# Using Broadcast Variables and Accumulators

This small tutorial enhances the WordCount exmaple by stop words, i.e. words that should be ignored. We will apply two techniques in this example:
1. Broadcast Variables. As the name already suggests, data will be transported to all workers in the cluster.
2. Accumulators. Those are handy counter variables which can be used to derive some processing metrics

In [2]:
# First define a list of uninteresting words, the stop words
stopwords = frozenset(['a','the','an','it','is','are'])

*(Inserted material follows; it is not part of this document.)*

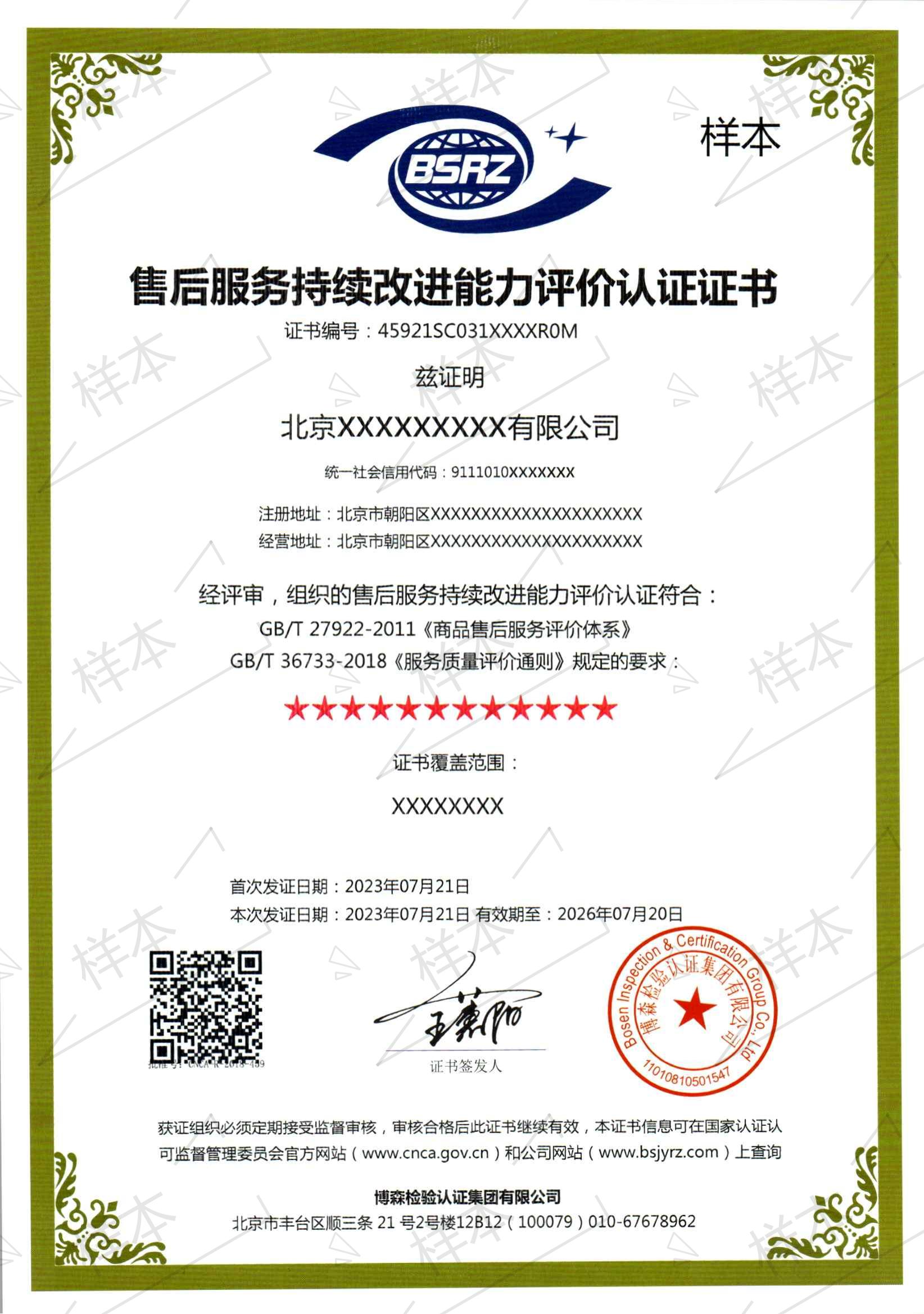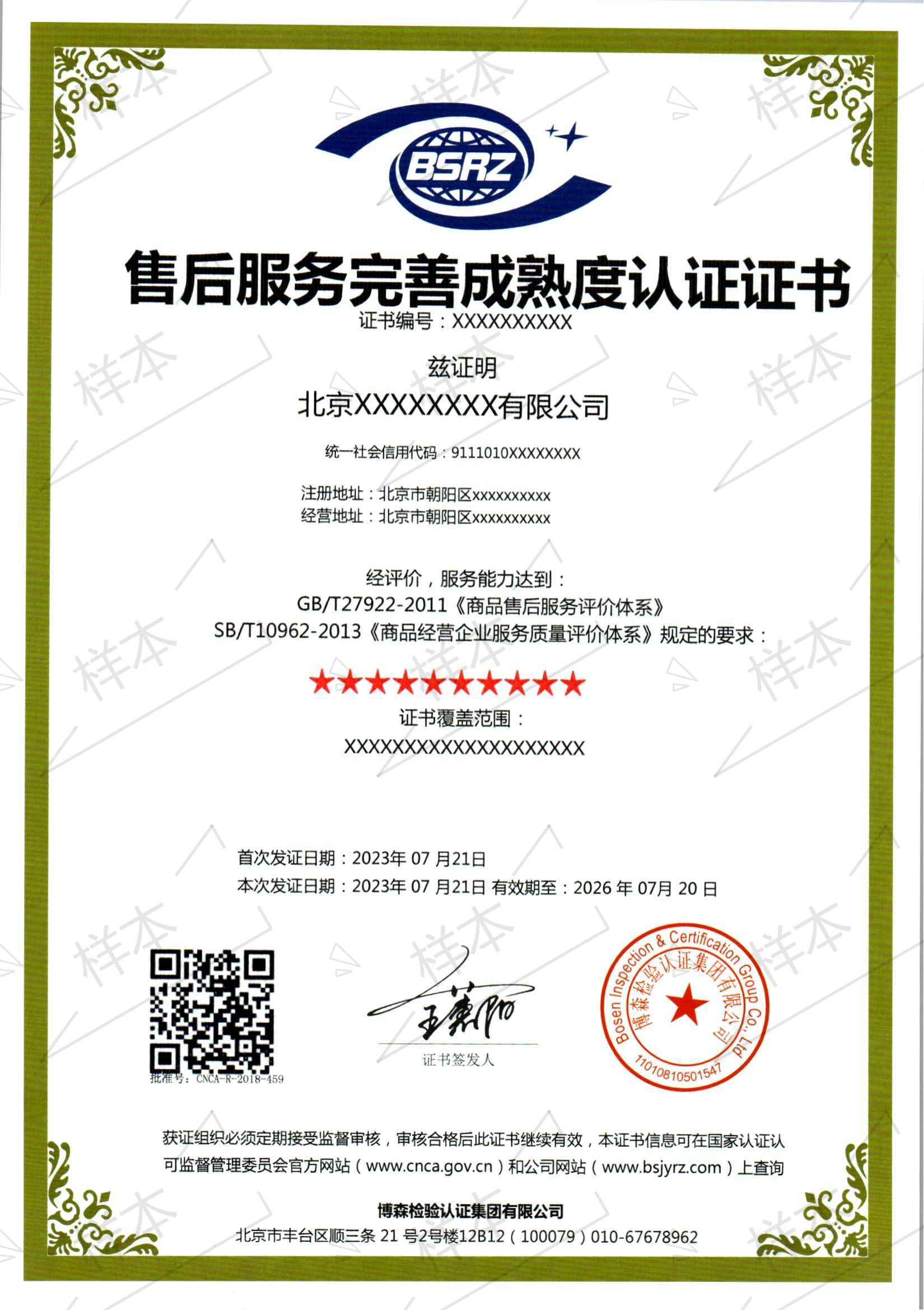 售后服务完善成熟度认证(七-十星级)证书

# Broadcast this list to all worker processes in the cluster
stopwords_bc = sc.broadcast(stopwords)

# Create two accumulators for counting processed words
stopword_count = sc.accumulator(0)
regular_count = sc.accumulator(0)

# Define a filter function
def filter_word(w):
    # Check if a given word is in the list of stopwords
    if w in stopwords_bc.value:
        stopword_count.add(1)
        return False
    else:
        regular_count.add(1)
        return True

In [3]:
text = sc.textFile('s3://dimajix-training/data/alice')
words = text.flatMap(lambda x: x.split()) \
    .filter(filter_word) \
    .map(lambda x: (x,1)) \
    .reduceByKey(lambda x,y: x+y) \
    .sortBy(lambda x: x[1], ascending=False) \
    .map(lambda (k,v): k + ':' + str(v))
words.saveAsTextFile('alice_counts')

In [4]:
# Print processing metrics
print stopword_count.value
print regular_count.value

2881
26580